Rather then make a dungeon, they made a system that "creates dungeons" for them so they don't have to.
I just want more dungeons that actually feel like dangerous labyrinths than a linear corridor that's essentially four trash pulls then boss, repeat until done. They don't even have to look outside the series for inspiration. Final Fantasy XII had some of the best dungeon layouts and designs I've seen in an RPG, and while people might whine about the Great Crystal, I enjoyed it because it felt like how a dungeon no one has ventured into should feel like.
With respect to those games from the 90's, tile based randomized dungeon crawlers are not even remotely in the same league as FFXIV....
http://vignette4.wikia.nocookie.net/...20121211084122
You could get away with tile based maps when having 3D environments you could free roam in was new, but you can't really get away with that now. Hell, the faces on our characters have more textures and polygons than the entire image above.
I agree with the broad idea of more randomized elements to create variety, and even a semi-random dungeon that never quite looks or runs the same each time compared to the last. But I can't accept 90's dungeon crawling as an exponent of procedural generation of content.
Rogue was great in the day, as was Mines of Moria, both games (and 100s of Rogue-like games since) consisted of entirely 'random' maps generated procedurally. Of course neither had a particular story, and neither game engine suited story driven content. The 90's games that use this technique similarly used it for non-story driven content and produced labyrinths of uniform stone walled corridors and square rooms.

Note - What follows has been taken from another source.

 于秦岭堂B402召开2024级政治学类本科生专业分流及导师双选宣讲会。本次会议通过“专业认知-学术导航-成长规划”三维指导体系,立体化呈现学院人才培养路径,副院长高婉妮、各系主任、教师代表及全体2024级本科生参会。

I think the technique could be used to generate variation in the content that we face in dungeons, and alter paths, puzzles, etc. But other than doing a dungeon as a tribute to dungeon crawlers of the past, I don't see a completely random, procedurally generated dungeon happening.

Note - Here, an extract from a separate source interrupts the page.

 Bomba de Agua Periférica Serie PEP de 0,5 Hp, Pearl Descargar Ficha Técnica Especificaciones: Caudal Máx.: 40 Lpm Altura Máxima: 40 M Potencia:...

Hmm.... Basically you are comparing different designs but equal values. With a mob has bloated HP or high defense it still means the same amount of time to kill. Also older MMO have heavier gear stat requirements where as FFXIV is about learning mechanics. Not saying one is better than other and agree FFXIV is slipping in appeal as time goes on. I'm not a fan of speed runs myself but SE has made dungeons so easy that the community decided to challenge itself. Trash mobs are boring and SE needs to make them more challenging.
I made a post about a new randomize dungeon design that stays true to FF, but it couldn't be done to current dungeon roulette. People are always looking for the easy win and would rather quit and wait 30mins then try. Look at trial roulette and Steps of Faith, you still see people just drop rather than try so adding random dungeons to expert roulette people would rather quit and wait 30mins for an easier dungeon.
Dungeons need work and more diverse design. I do believe making a new 8-man Dungeon class would help with the dungeon rut. Also adding optional boss fights, tomes/minions/TT cards randomly drop from treasure chest, more area mechanics rather than just boss would improve interest.
I will say Labyrinth of the Ancients was my favorite run the entire game because of it's unique design.
As it's been stated countless times before, SE already has a perfect template for this: Nyzul Isle. Even a Moblin Maze Mongers style dungeon would be a nice change from what we currently get.